===== Dataset excerpt
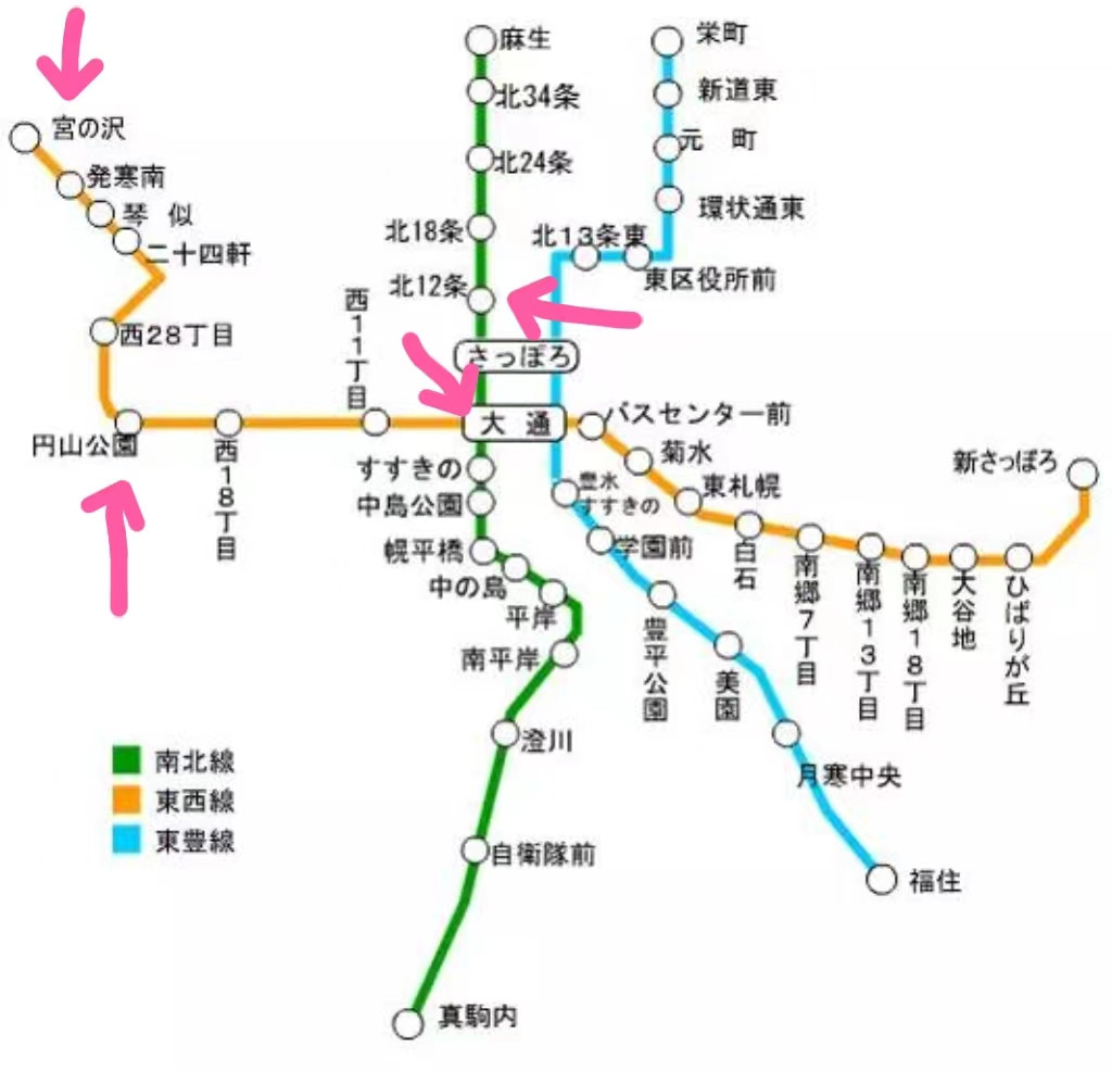 今天是乘坐地铁的一天,基本与国内的地铁差不多的意思,只是没有什么安检之类的。了解一下札幌的地铁情况,札幌地铁总共只有3条线,东西线、南北线、东丰线,这3条线在大通有交汇,也就是说在大通这个地方可以乘这3条线的任意一条,因此在大通看见地铁站,要看看清楚是那条线的。好在我们每天晚上到狸小路方向,总是经过大通站的。这里用到的App就是地图,你试试那个地图App好一些,主要是查看地铁出口到景点的线路,最好是在酒店网络比较好,查看好线路,截屏下来,做到心中有数。
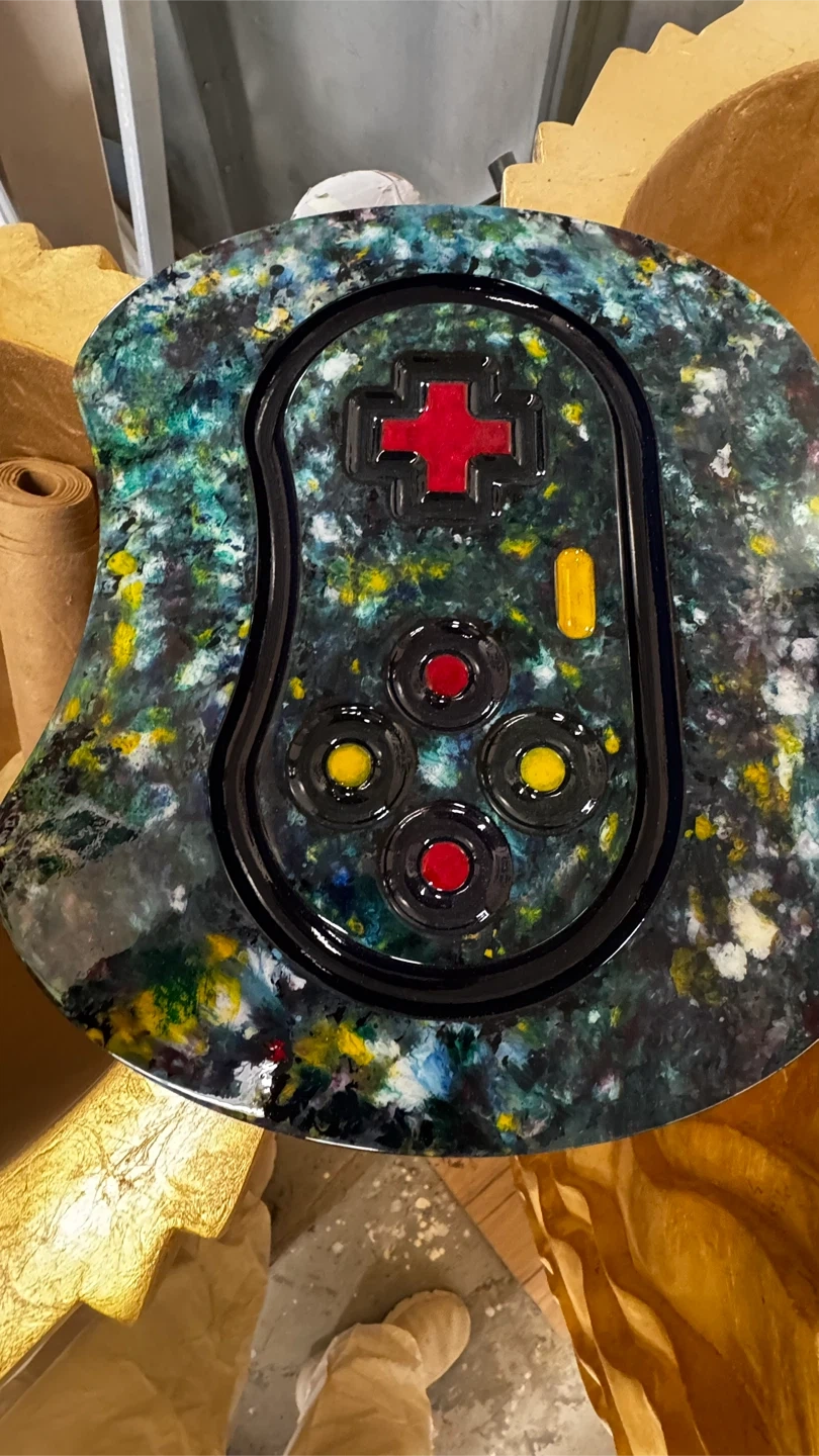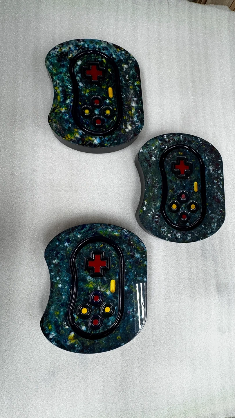 Unique set of three decorative game controller pieces. They're made from resin with a marbled green and multi-color finish. Each piece resembles a classic video game controller with buttons and a directional pad. WOOD
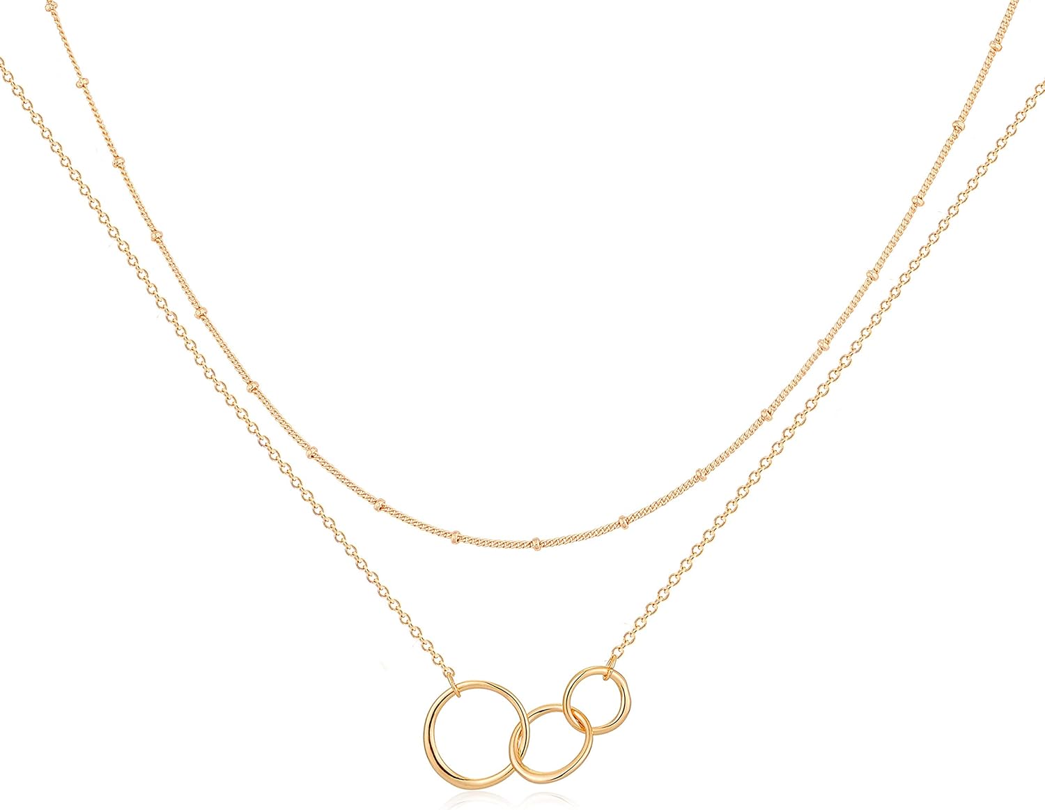 - Material: Our gold link circle layered necklace crafted in 18K gold plated, heat and pressure bonded to a high-quality brass core; being absolutely stunning, Handcrafted for everyday wear
==========
◆ What is expected ◆
The answer should contain every line of the material exactly as written and no pictures.

◆ Your solution ◆
 今天是乘坐地铁的一天,基本与国内的地铁差不多的意思,只是没有什么安检之类的。了解一下札幌的地铁情况,札幌地铁总共只有3条线,东西线、南北线、东丰线,这3条线在大通有交汇,也就是说在大通这个地方可以乘这3条线的任意一条,因此在大通看见地铁站,要看看清楚是那条线的。好在我们每天晚上到狸小路方向,总是经过大通站的。这里用到的App就是地图,你试试那个地图App好一些,主要是查看地铁出口到景点的线路,最好是在酒店网络比较好,查看好线路,截屏下来,做到心中有数。
 Unique set of three decorative game controller pieces. They're made from resin with a marbled green and multi-color finish. Each piece resembles a classic video game controller with buttons and a directional pad. WOOD
 - Material: Our gold link circle layered necklace crafted in 18K gold plated, heat and pressure bonded to a high-quality brass core; being absolutely stunning, Handcrafted for everyday wear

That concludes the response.